Personal information
- Native name: 陈虹伊 (Chinese)
- Born: September 19, 2002 (age 23) Beijing, China
- Height: 1.73 m (5 ft 8 in)

Figure skating career
- Country: China
- Coach: Li Chengjiang
- Skating club: Beijing New Century Star
- Began skating: 2008

= Chen Hongyi =

Chinese figure skater

Chen Hongyi (陈虹伊 (陳虹伊, Chén Hóngyī); born September 19, 2002) is a Chinese figure skater. She is the 2020 Cup of China champion, a three-time Chinese national medalist (2018–20), and has skated in the final segment at five ISU Championships.

== Career ==

=== Early years ===
Chen began learning to skate in 2008.

=== 2017–2018 season ===
Chen's ISU Junior Grand Prix (JGP) debut came in September 2017, in Zagreb, Croatia, where she placed sixteenth. The following month, she finished tenth at a JGP event in Gdańsk, Poland. In December, she stepped onto her first senior national podium, taking bronze at the 2018 Chinese Championships. She qualified to the free skate and finished eighteenth overall at the 2018 World Junior Championships in Sofia, Bulgaria.

=== 2018–2019 season ===
Making her senior international debut, Chen placed sixth at the 2018 CS Asian Open Figure Skating Trophy in early August. She placed fourteenth at the 2019 Four Continents Championships. She placed nineteenth at the 2019 World Junior Championships in early March, and then made her senior World Championship debut, placing nineteenth there as well.

=== 2019–2020 season ===
Chen made her Grand Prix debut, placing ninth at the 2019 Cup of China and eighth at the 2019 Rostelecom Cup. After taking the silver medal at the Chinese championships, she placed eleventh at the 2020 Four Continents Championships. She was assigned to compete at the 2020 World Championships, but these were cancelled as a result of the coronavirus pandemic.

=== 2020–2021 season ===
With the pandemic continuing to affect international travel, the ISU assigned the Grand Prix based largely on geography. Chen was assigned to the 2020 Cup of China, which she won over the other Chinese ladies present by almost 40 points. Competing at the 2021 World Championships in Stockholm, Chen placed twenty-first. Her result qualified a berth for China at its home Winter Olympics in Beijing.

=== 2021–2022 season ===
Struggling with a back injury and a sprained ankle, Chen had to withdraw from the 2021 CS Asian Open Trophy and the 2021 Gran Premio d'Italia.

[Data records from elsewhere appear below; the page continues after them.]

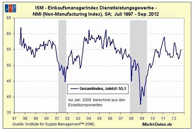 Die Septemberzahlen der beiden ISM-Indizes deuten für die USA eine Wachstumsbeschleunigung im dritten und vierten Quartal 2012 an. Sollten sich die oben genannten Daten in den Monaten Oktober bis Dezember fortsetzen, dann sollte ein annualisiertes US-Wirtschaftswachstum im Bereich 2 bis 2,5 Prozent möglich sein.
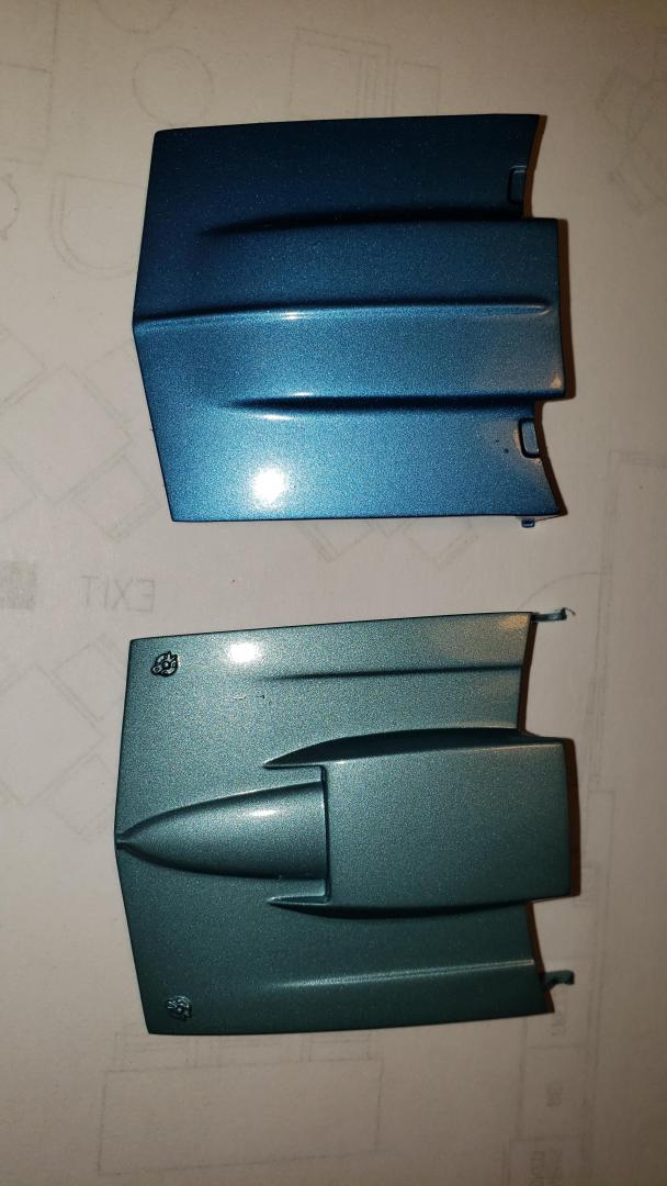 While the weather has been nice, I thought I'd get somethings painted in preparation of winter. Dug out my 1967 Nickey Camaro to get ready. Sanded, primed with Tamiya White Primer, interior primed with Tamiya Gray Primer. Body and interior airbrushed with Scale Finishes Emerald Turquoise enamel. Primed the interior gray in hopes of a shade difference in the color. Have been told it looks Blue and no turquoise to it but when I place my 67 hood with my 69 Lemans Blue hood you can really see the color differences. Hood pictures were taking inside and appear to be different color than the body but, I assure that the hood are same color as body.
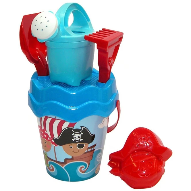 Dieses 6-teilige Eimerset im Piraten-Design von Androni ist genau das Richtige für kleine Seeräuber, denn es enthält alles, was zum Ausgraben eines großen Schatzes benötigt wird. So ist das Set sowohl für den Sandstrand als auch den Sandkasten perfekt geeignet. Mit dem Sandförmchen kann eine ganze Piratencrew erschaffen werden, die bei der Schatzsuche hilft, mit dem Sieb kann der Sand nach Edelsteinen und Münzen durchsucht werden, die Schaufel hilft beim Ausgraben einer Schatzkiste und beim Bauen einer Piratenburg und der Rechen sorgt für das Verschwinden von verräterischen Spuren. Tauchen Sie mit Ihrem Kind in die abenteuerliche Piratenwelt ein.

Ultimately, the Chinese Olympic Committee awarded the sole Olympic women's singles spot to Zhu Yi. This decision sparked criticism from Chinese figure skating fans as many of them believed Chen to be a better choice.

Following the decision, Chen posted on her Weibo that although she felt regretful over having missed out on being selected to go to the Olympics, she would continue to work hard.

=== 2022–2023 season ===
Chen's only major competition for the season was the 2023 Chinese Championships, where she placed sixth.

=== 2023–2024 season ===
Returning to international competition for the first time in two years, Chen competed at the 2023 Shanghai Trophy, where she finished sixth. She went on to compete at the 2023 Cup of China, where she placed eighth.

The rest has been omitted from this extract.